Section 3.2. Assignment of Contracts. Trustor hereby absolutely and unconditionally assigns to Beneficiary all of Trustor’s right, title and interest in and to the Contracts to the maximum extent allowable by law and to the maximum extent allowable under the terms of each individual Contract, it being intended that this assignment be an absolute assignment from Trustor to Beneficiary and not merely the granting of a security interest. Until the occurrence of an Event of Default, Trustor may retain, use and enjoy the benefits of the Contracts. Upon the occurrence and during the continuance of an Event of Default, the license described in the preceding sentence shall, upon Beneficiary’s election, be automatically revoked, and Beneficiary may elect to exercise any and all of Beneficiary’s rights and remedies hereunder.
 
 
ARTICLE 4
SECURITY AGREEMENT AND FIXTURE FILING
 
As additional security, Trustor, as debtor, hereby grants to Beneficiary, as secured party, a continuing security interest in the portion of the Mortgaged Property which is or may be subject to the provisions of the UCC which are applicable to secured transactions, and in any property as to which a security interest can be created or perfected, now existing or hereafter coming into existence, and all substitutions replacements, renewals and additions to and all products and Proceeds of the foregoing (collectively, the “Security Interest Property”). This Deed of Trust is intended to be and shall be effective as a security agreement and “fixture filing” under the UCC or other law applicable to the creation of liens on and security interests in personal property and fixtures.

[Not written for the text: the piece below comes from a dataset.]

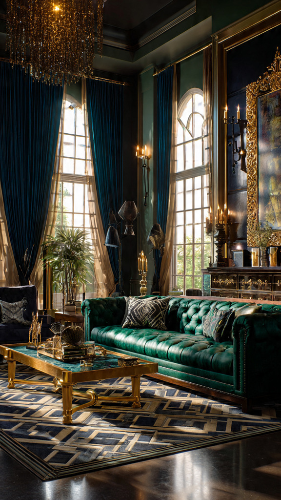 A luxurious Art Deco parlor featuring a palette of rich jewel tones such as emerald green, sapphire blue, and deep ruby red. In the foreground, a plush velvet sofa adorned with geometric patterns and elegant gold accents invites relaxation. An opulent coffee table, crafted from polished marble, sits center stage with ornate crystal decor. In the middle ground, a statement chandelier hangs gracefully from an intricately coffered ceiling, casting warm, ambient light that enhances the parlor’s richness. Elegant, framed mirrors and bold, stylized artworks line the walls, reflecting the sophistication of the era. The background showcases tall, arched windows draped with heavy, luxurious curtains, framing a view of a manicured garden. The atmosphere is one of warmth, elegance, and glamour, evoking a sense of refined luxury.
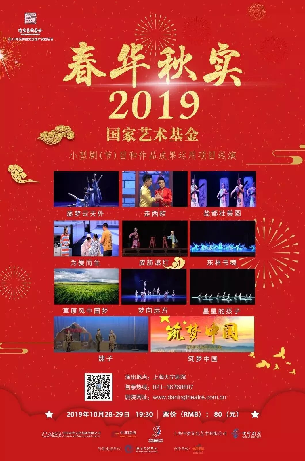 节目单群舞《逐梦云天外》小戏曲《走西欧》四川竹琴《盐都壮美图》戏剧小品《为爱而“生”》木偶《皮筋滚灯》群舞《东林书魂》歌曲《草原风中国梦》杂技《梦向远方—绳技》群舞《星星的孩子》小戏曲《嫂子》歌曲《筑梦中国》 *演出节目及顺序请以现场为准演出信息春华秋实2019——国家艺术基金小型剧(节)目和作品成果运用项目巡演时间:10月28、29日 19:30地点:大宁剧院票价:80元点击文末“阅读原文”立即购票

As further security for the payment and performance of the Loan Obligations, this Deed of Trust shall constitute a financing statement under the UCC with Trustor, as debtor, and Beneficiary, as secured party. To the extent permitted by law, Trustor hereby authorizes Beneficiary to file financing and continuation statements necessary to continue the lien of and security interest evidenced by this Deed of Trust with respect to the Security Interest Property (and confirms that Beneficiary is a person entitled to file a record, and that Trustor has authorized all such filings, within the meaning of Section 9-509 of the UCC). The principal places of business and mailing addresses of Trustor, as debtor, and Beneficiary, as secured party, respectively, are as set forth on page one hereof. Trustor’s location, for purposes of Section 9-307 of the UCC, is Trustor’s state of incorporation as set forth on page 1 hereof. Information relative to the security interest created hereby may be obtained by application to Beneficiary.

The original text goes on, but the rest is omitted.